Sapphire attended San Francisco City College in the 1970's majoring first in chemistry and then switching to dance. She soon dropped out to become a hippie and moved to New York in 1977 taking several odd jobs, including topless dancing and housekeeping. It wasn't until the early 1980s that she began writing poetry and reading it aloud at various Village venues including the Nuyorican Cafe. Sapphire eventually returned to school and graduated with honors in 1993 with a degree in modern dance. Upon graduation, she taught reading to students in the Bronx and Harlem and also enrolled in graduate school at Brooklyn College.
Single-monikered literary icon Sapphire has
been called many names. A writer whose art grapples with diverse
identities and marginalized communities, she often finds herself
under attack, not least because she challenges the very groups
with which she identifies. She reminisces, "In the ’80s I’d be
in front of a black audience reading about a black woman eating
a white woman's pussy, and I was considered a deviant traitor."
At an event in Chicago, where she was billed as a lesbian
author, she faced the wrath of two female audience members
furious at what they considered to be Sapphire's deliberately
faux-lesbian performance. Seems her reading wasn't Sapphic
enough. But she doesn't flinch away from people who try to
simplify her particular mélange of identity and sociopolitics
with attempts to label and limit her scope. Expressing the
difficult locus where revelation meets revolution is her
signature fusion, a fierce combination of confessional and
political metamorphoses.
Her
groundbreaking, autobiographical book of poetry American
Dreams (1994) probed the brutal legacy of childhood sexual
abuse, while her second book and debut novel, Push
(1996), ushered her into mainstream success and celebrity.
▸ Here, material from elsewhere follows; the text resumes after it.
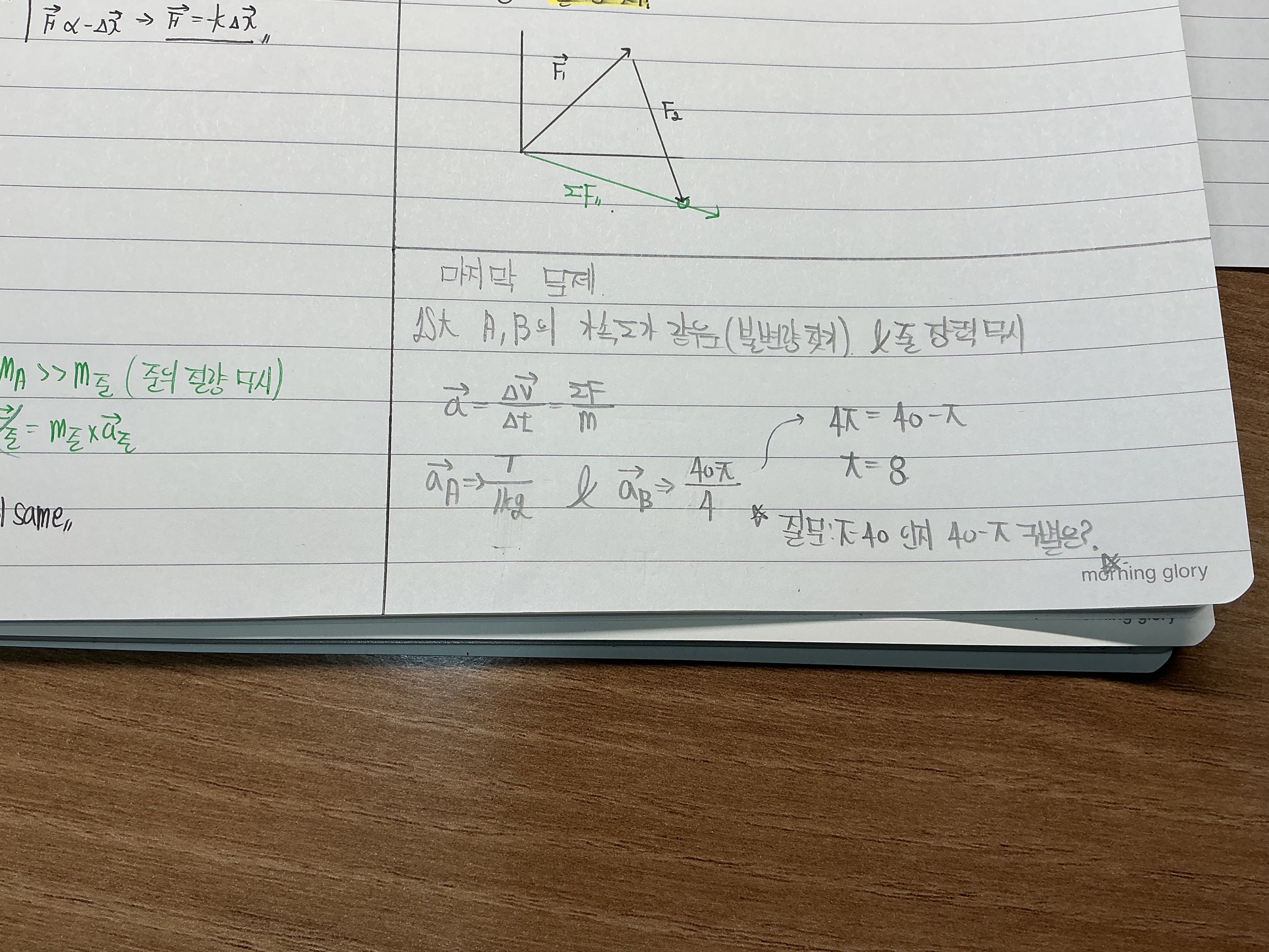 마지막 문제 풀어봤는데 풀이가 맞는지 궁금합니다. 그리고 맞다면 b의 가속도를 구할때 알짜힘이 t-40,40-t인지는 어떻게 구별하는건가요?

The
critically acclaimed novel was a controversial examination of
the intersections of urban poverty, literacy, incest, and AIDS
in the life of protagonist Precious Jones, a teen mother
learning to read and finding autonomy despite desperate
circumstances. "I feel great about Push," she says.
"They're reading that book in Guadalupe. It's been translated
into French, which means in all of West Africa, there's the
possibility of it being a weapon against HIV and homophobia."
Sapphire is following Push with a book of poetry,
Black Wings & Blind Angels (Knopf, 130 pp., $20), keeping
her poetic voice limber. "To me," she says, "poetry is like a
language, a language I want to keep up." Here, her
characteristic intensity mixes with classical as well as
experimental forms, excavating dreams, memory, and history to
address a multitude of topics, police brutality and sexual
identity among them. In quieter moments she gracefully examines
the fear of making love with the lights on, meditating on the
eroticism of a body not in its idealized youthful form. Even in
Black Wings's more harrowing poems, sestinas abound,
lending a sharp, disciplined edge to unwieldy memories of
childhood abandonment and rape.
This engagement with formal poetics marks a significant change
of perspective for Sapphire. Forgiving her sexually abusive late
father after decades of rage, she's offering themes beyond her
personal-healing manifestos. "Healing is a good state," she
says, "but it's also all-consuming. Somewhere past healing you
get what they promise you, you get your life back. You get to
explore other things. It's like that Buddhist aphorism, 'The
barn has burnt down and now I can see the moon.' "
Moving
past the work of survival, she says, and linking it to political
realities outside one's personal scope, is critical for social
change. In Black Wings, Sapphire takes aim at American
institutions that effectively sanction racist violence. A series
of poems, "Gorilla in the Mist," which was begun in
American Dreams and continues in the new volume, explores
paradoxical constructions of black male sexuality as much as it
does police brutality, graphically imagining the psyches of
racist cops. In another poem, "Looking at Plate No. 4: 'Homicide
Body of John Rodgers, 883 W. 134th Street, Christensen, October
21, 1915,' " she muses on a real-life episode described in
Luc Sante's Evidence, in which a murdered black man was
photographed with his penis exposed, a post-mortem indignity
that would not have been inflicted on a white victim.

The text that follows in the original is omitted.